I talk to a lot of students and professional developers that often want to start a side project, but aren’t sure what to build. Below is a handful of software projects that taught me a lot. In fact, they’re great because you could build them multiple times and learn new things each time. So whenever I don’t know what to build or I want to learn a new programming language or framework, I start with one of these:

  • Text editor
  • 2D game – Space Invaders
  • Compiler – Tiny BASIC
  • Mini operating system
  • Spreadsheet (hard!)
  • Video game console emulator (hard!)

 

Text Editor

We use text editors everyday, but do you know how it really works? Ignoring all of the fancy features that your favorite editor has, how would you implement a textbox that supports a movable text cursor and selecting, inserting, and deleting text? No, you can’t use the builtin textbox component from your favorite GUI framework!

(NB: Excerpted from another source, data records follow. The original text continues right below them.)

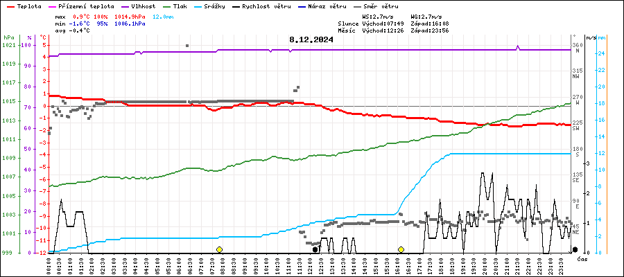 | Minimální teplota: | -1.6°C | v 21:05 |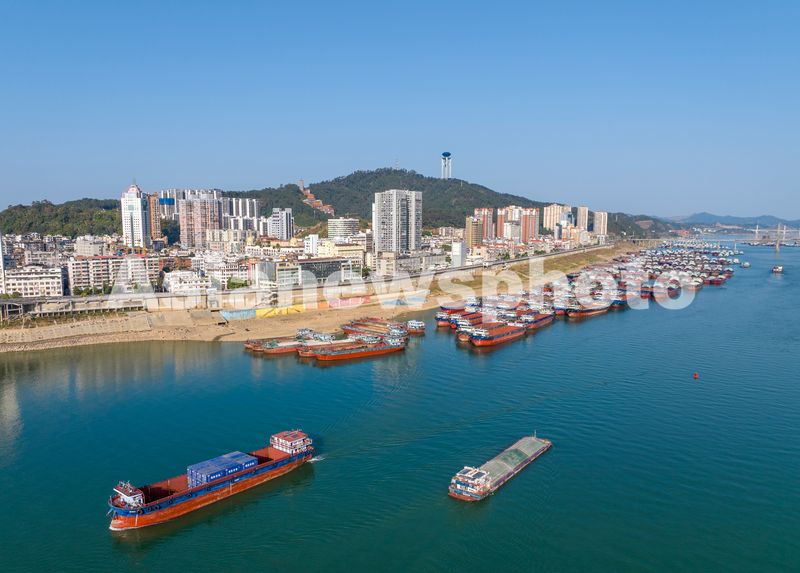 图片说明:2025年2月4日,珠江上游西江广西梧州市万秀区段水域,货船在航道上有序航行。
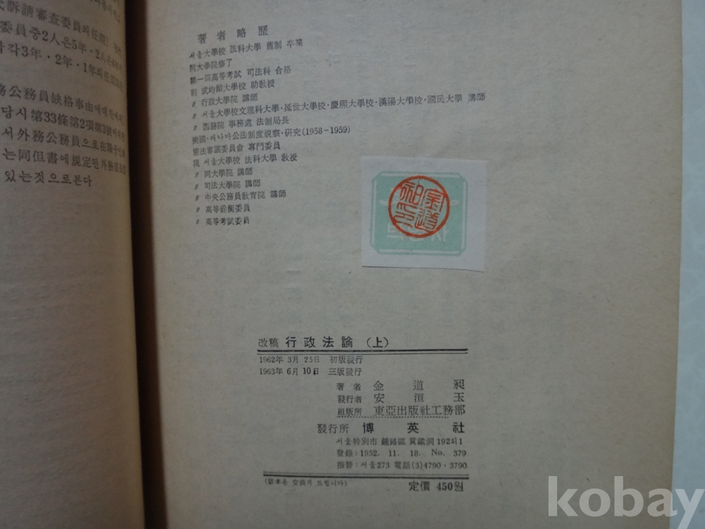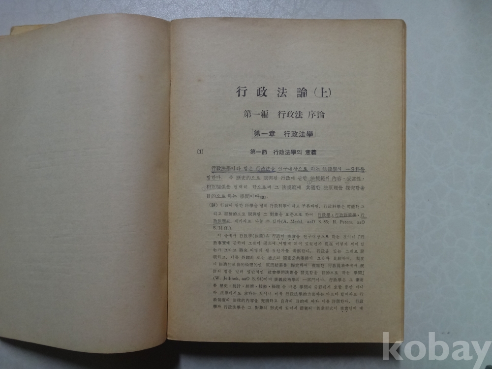 행정법론 (1963년, 김도창 저, 박영사)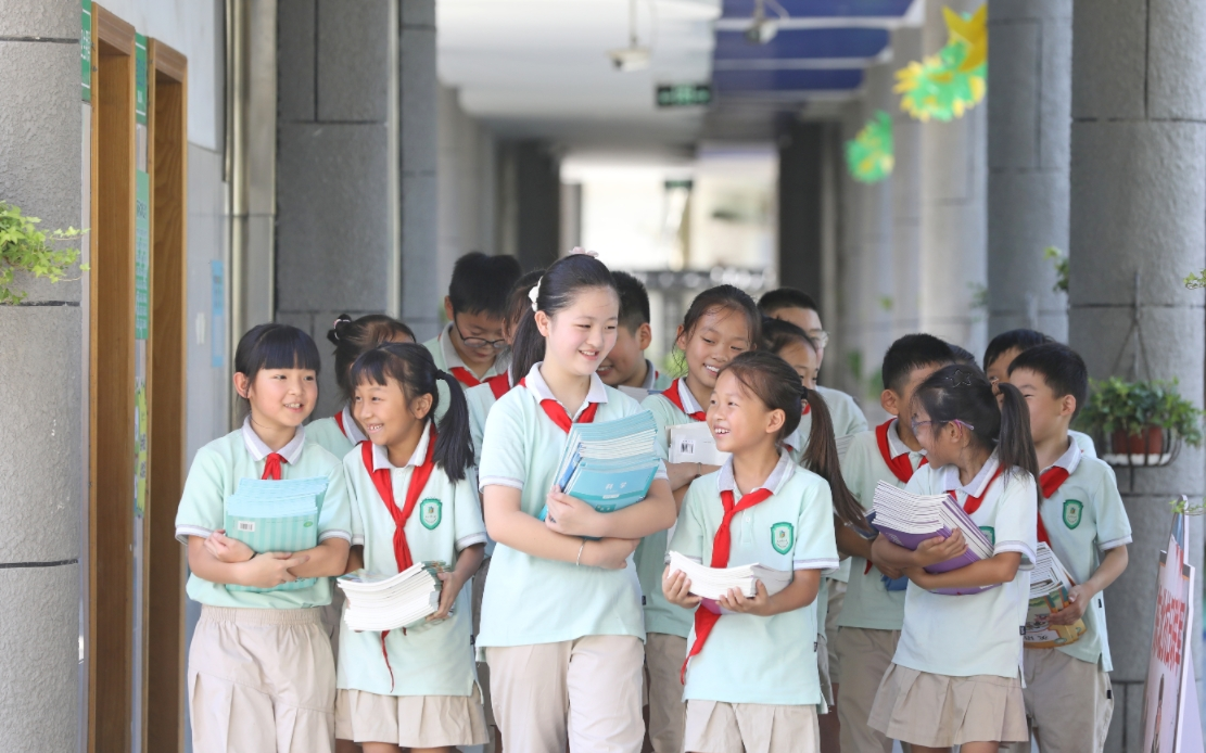 ▲資料圖:2025年8月30日,在浙江省嘉興市三水灣小學(xué),不強穿著(zhù)校服的制穿正落學(xué)生們開(kāi)心地領(lǐng)到了新書(shū)。圖/IC photo

The biggest challenge is figuring out how to store the text document in memory. My first thought was to use an array, but that has horrible performance if the user inserts text anywhere other than the end of the document. Luckily, there are some nice data structures to learn to solve this.

Another hurdle was learning how a text cursor behaves in popular editors. For example, if I press the up arrow key with the cursor in the middle of the document, where will the cursor move? Same column? Not if that line is shorter. Keep pressing up. The cursor will snap back to the original column once a line is long enough. It turns out that the cursor has a memory for the column and tries to get back to it. It is these details that I never noticed until I tried to implement it.

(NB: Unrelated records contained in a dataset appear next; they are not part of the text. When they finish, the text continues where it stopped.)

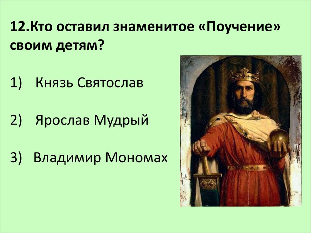 12.Кто оставил знаменитое «Поучение»своим детям?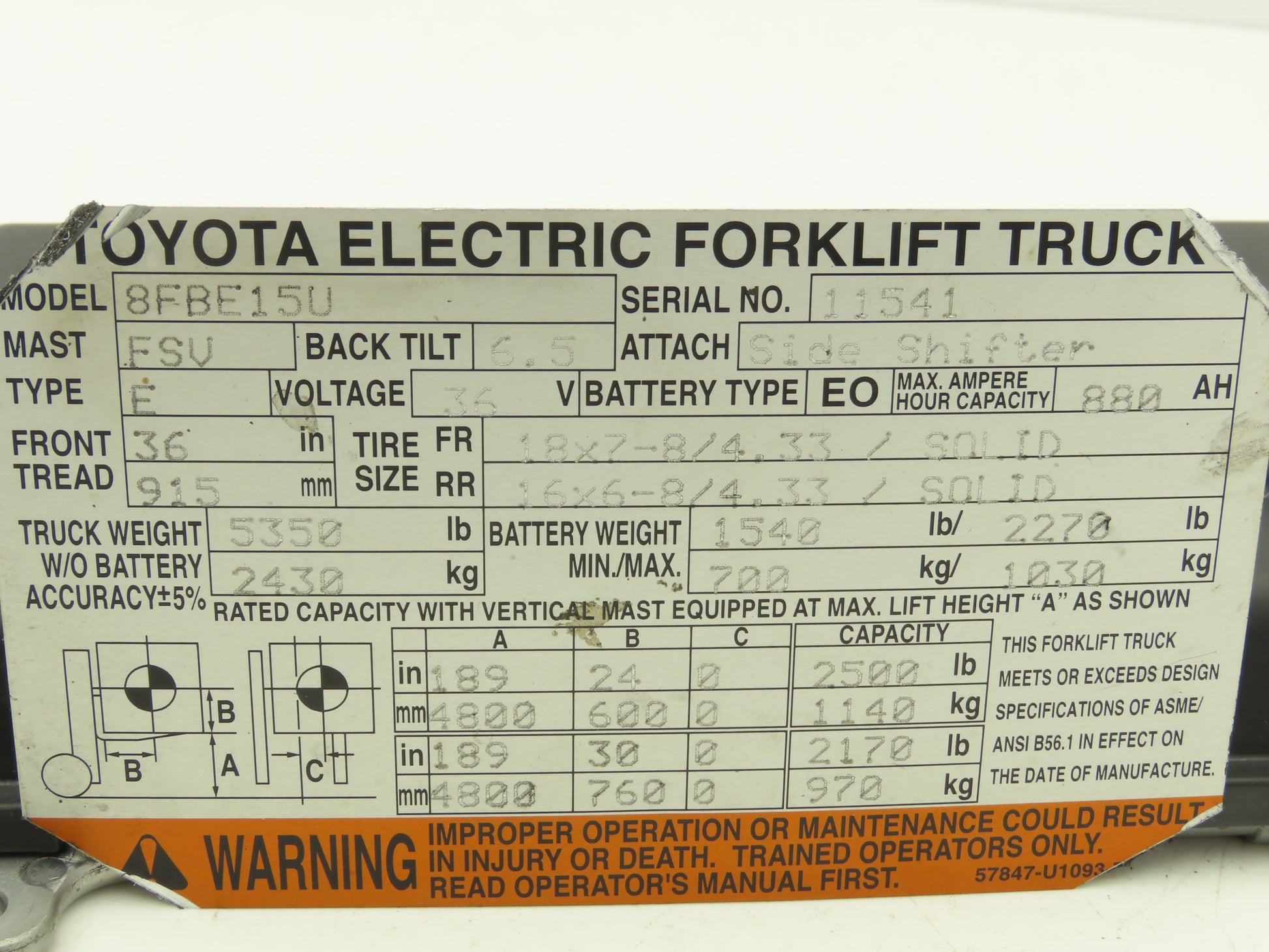 - This was taken off of a Working Toyota 8FBE15U forklift.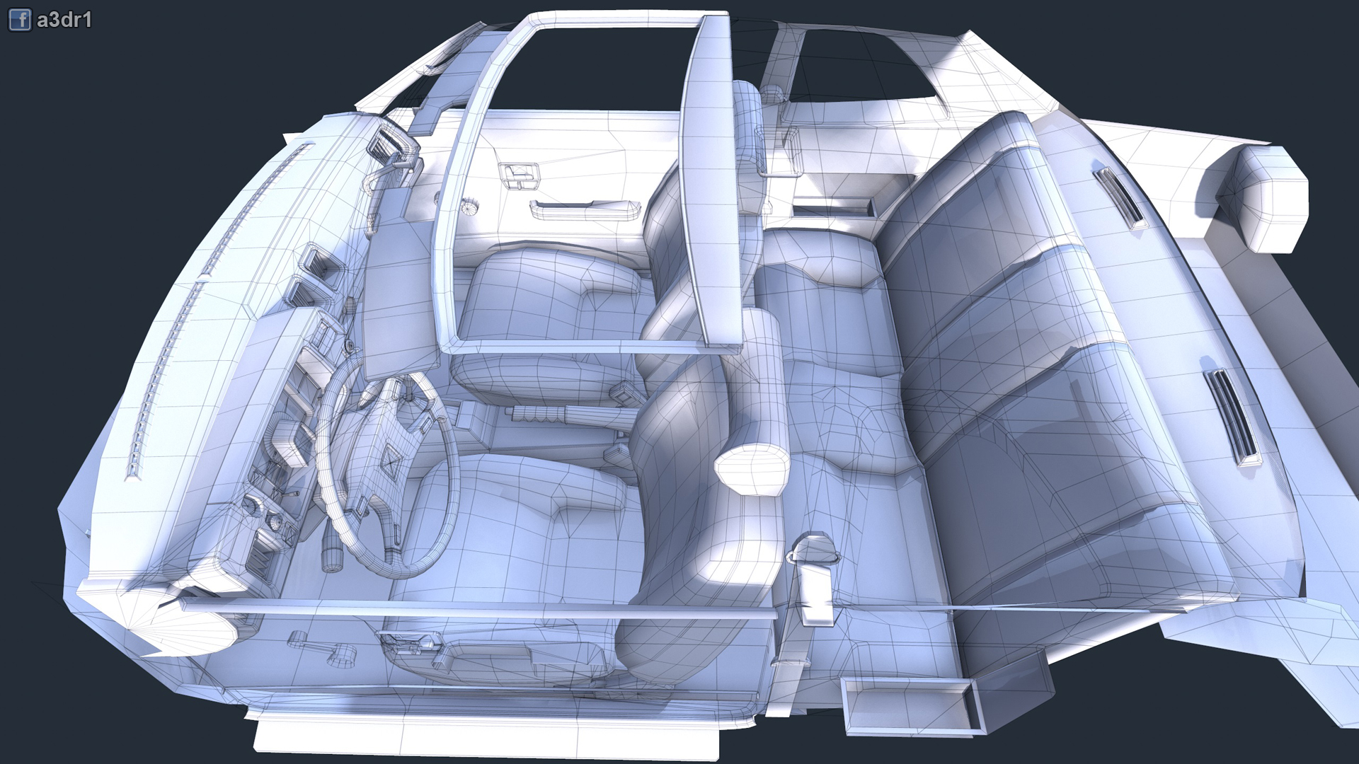Wonderful, the interior detail is just s it should be. Once you add textures and normal maps it will look spectacular in game. One thing to be aware of though, you should be cautious of using triangulated faces, especially long thin ones, as they result in unappealing shading (it's not as much an issue for an interior, as there is less reflection). Still, it's good to have a grid like model all over to avoid this, which you have managed do do rather well! A good technique is to use floating models/unwelded geometry (for fixtures like door handles and vents), such that you can ave a curved fixture, while having a square cut out in the background mesh, thus there are no long triangles to ruin your shading. Also, would it be possible to have a right hand drive version (perhaps a JDM model). Given that you already have the fender mirrors for it, it would be nice for those of us who drive on the left

After implementing the basic editor, I challenge you to implement two more features: undo/redo and word wrapping. Implementing undo/redo in an efficient way was mind blowing to me! I first tried keeping an array of previous states, then tried the Memento pattern, before finally settling on the Command pattern. Word wrapping forces you to separate the visual aspects of a text line from the memory aspects.

Things to learn:

  • Data structures for storing the text: array, rope, gap buffer, piece table.
  • Behavior and implementation of the text cursor.
  • Design patterns for undo/redo: memento, command.
  • Abstractions to separate the visual and memory aspects of the text.

Further reading:

  • Text Editor: Data Structures (web)
  • Design and Implementation of a Win32 Text Editor (web)
  • Data Structures and Algorithms in Java (Amazon)

 

2D game – Space Invaders

Even the most simple games require some unique data structures and design patterns. The idea here is to implement a well-defined game from start to finish without getting bogged down on the other fun stuff (e.g., game design and art). Also, it is best if you use a barebones 2D graphics library (e.g., SDL, SFML, PyGame), not a big game engine that’ll hide all of the interesting bits from you.

First, you’ll have to learn to draw to the screen. I had no idea how this worked. You are actually clearing the screen then drawing each portion of the screen in rapid succession, many times a second, to create the effect that objects are moving.

Second, you’ll learn all about the game loop. A game is effectively looping between drawing, getting user input, and processing the game logic.

Third, you’ll learn how to process user input. I never paid attention to the subtlties of initially pressing, holding, and releasing keys or mouse buttons, let alone handling things like a double click. And how often do you check for user input? If you are constantly checking then that means the rest of the game is frozen!

Fourth, you’ll learn how to create and manage all of your game objects and their state. For example, how do you generate a dynamic number of enemies? The factory pattern helps a lot.

Fifth, you’ll learn how to apply the game’s logic. When do bullet positions get updated? When do more enemies come onscreen? How do you know when an enemy is destroyed? When is the game over? I had never used the modulo operator prior to making games but it is littered all over my games’ code.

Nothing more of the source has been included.